■ Given data:
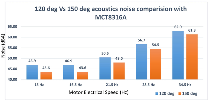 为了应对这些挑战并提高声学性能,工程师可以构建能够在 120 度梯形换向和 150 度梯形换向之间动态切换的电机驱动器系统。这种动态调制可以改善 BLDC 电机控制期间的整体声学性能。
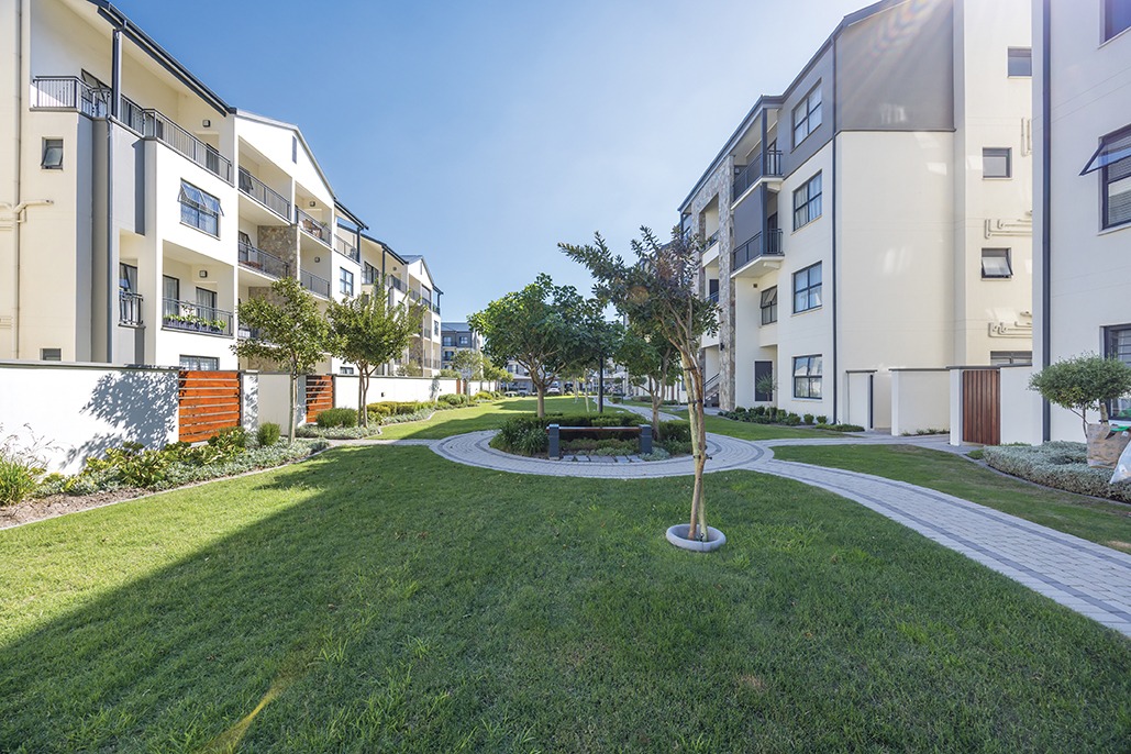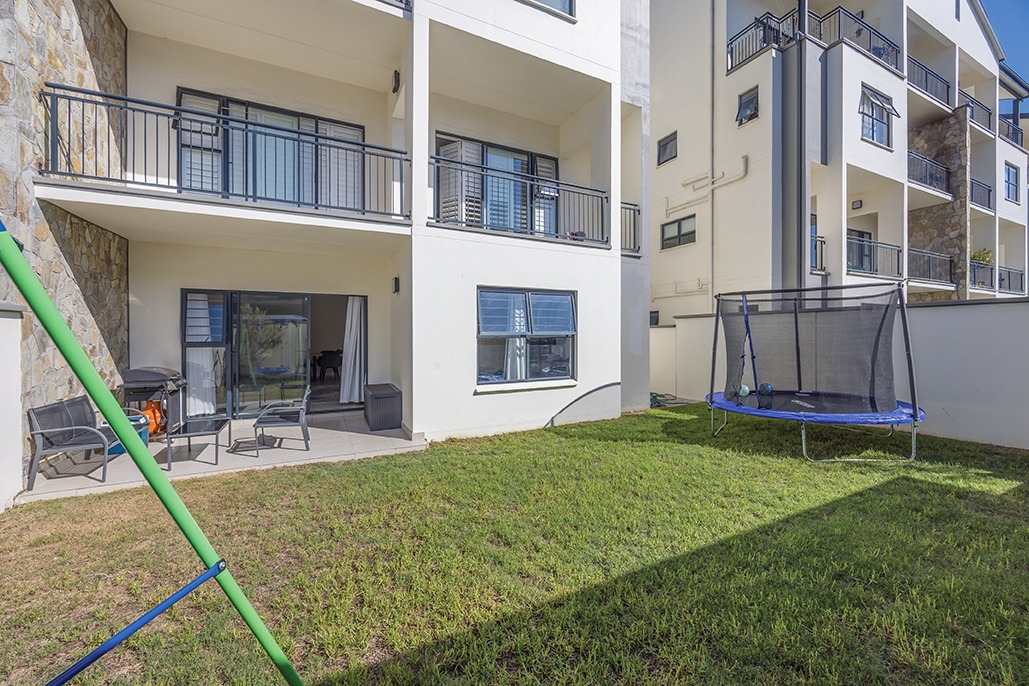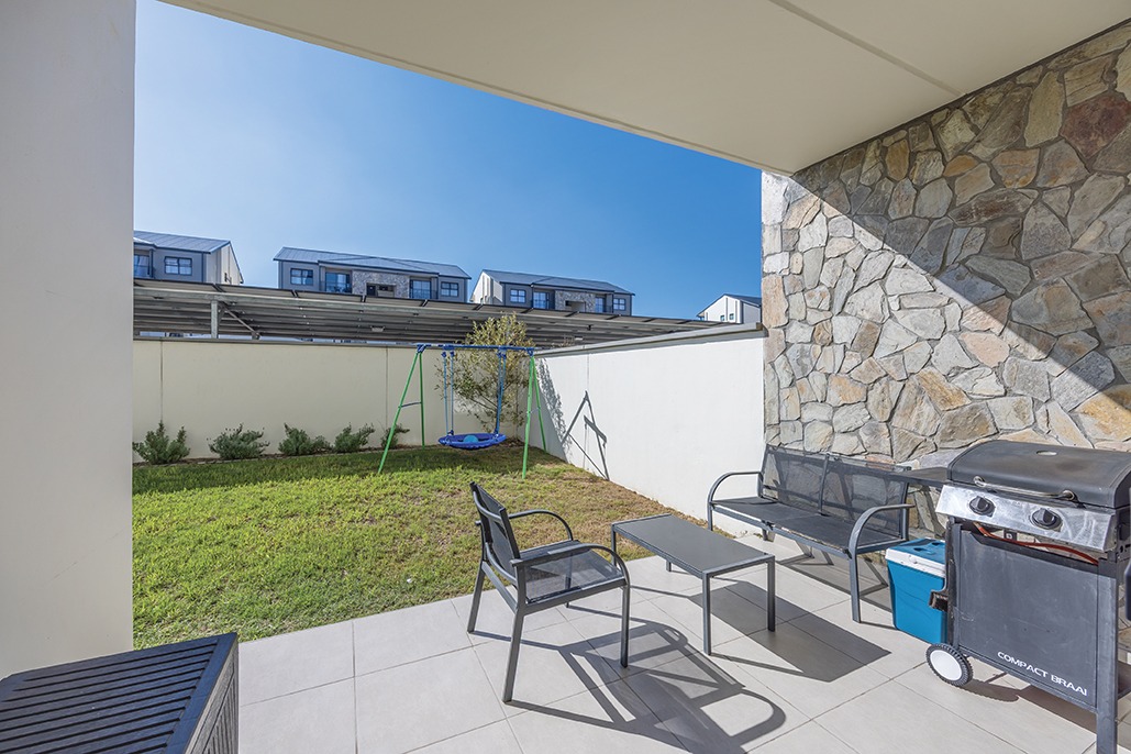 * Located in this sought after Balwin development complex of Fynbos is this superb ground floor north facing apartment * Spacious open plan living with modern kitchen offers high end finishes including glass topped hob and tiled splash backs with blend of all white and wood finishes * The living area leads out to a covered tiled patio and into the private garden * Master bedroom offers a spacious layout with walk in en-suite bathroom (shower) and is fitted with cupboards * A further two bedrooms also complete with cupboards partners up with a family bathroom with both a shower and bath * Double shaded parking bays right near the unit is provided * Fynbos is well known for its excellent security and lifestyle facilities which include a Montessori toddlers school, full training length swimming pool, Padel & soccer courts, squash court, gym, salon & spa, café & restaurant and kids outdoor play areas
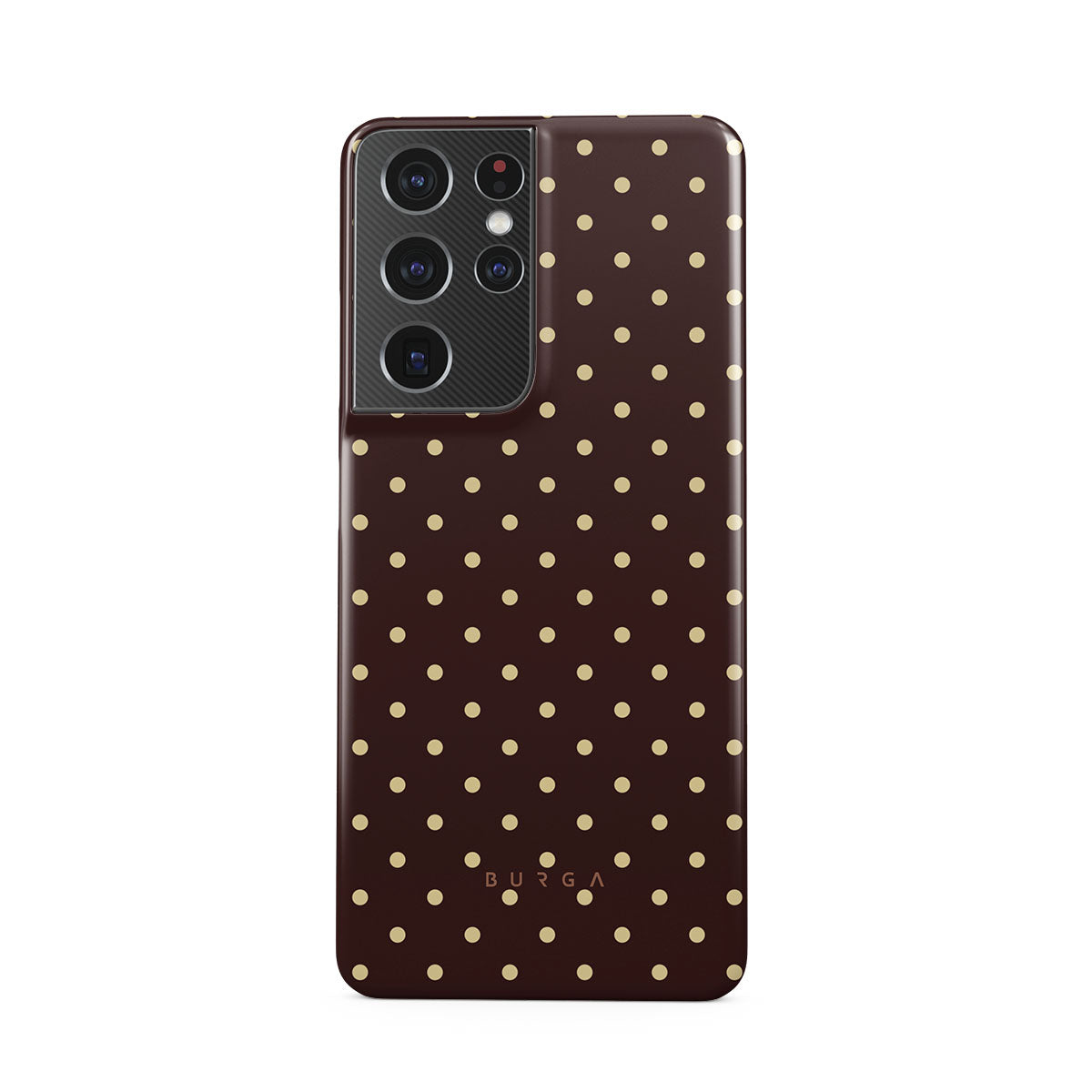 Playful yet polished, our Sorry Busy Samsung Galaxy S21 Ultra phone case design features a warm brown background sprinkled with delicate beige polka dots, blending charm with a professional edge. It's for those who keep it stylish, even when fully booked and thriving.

■ What is needed: Pictures are to be left out; otherwise, copy exactly each line from the one containing "outdoor play areas" through the last line of the listing.

■ Answer box:
 * Located in this sought after Balwin development complex of Fynbos is this superb ground floor north facing apartment * Spacious open plan living with modern kitchen offers high end finishes including glass topped hob and tiled splash backs with blend of all white and wood finishes * The living area leads out to a covered tiled patio and into the private garden * Master bedroom offers a spacious layout with walk in en-suite bathroom (shower) and is fitted with cupboards * A further two bedrooms also complete with cupboards partners up with a family bathroom with both a shower and bath * Double shaded parking bays right near the unit is provided * Fynbos is well known for its excellent security and lifestyle facilities which include a Montessori toddlers school, full training length swimming pool, Padel & soccer courts, squash court, gym, salon & spa, café & restaurant and kids outdoor play areas
 Playful yet polished, our Sorry Busy Samsung Galaxy S21 Ultra phone case design features a warm brown background sprinkled with delicate beige polka dots, blending charm with a professional edge. It's for those who keep it stylish, even when fully booked and thriving.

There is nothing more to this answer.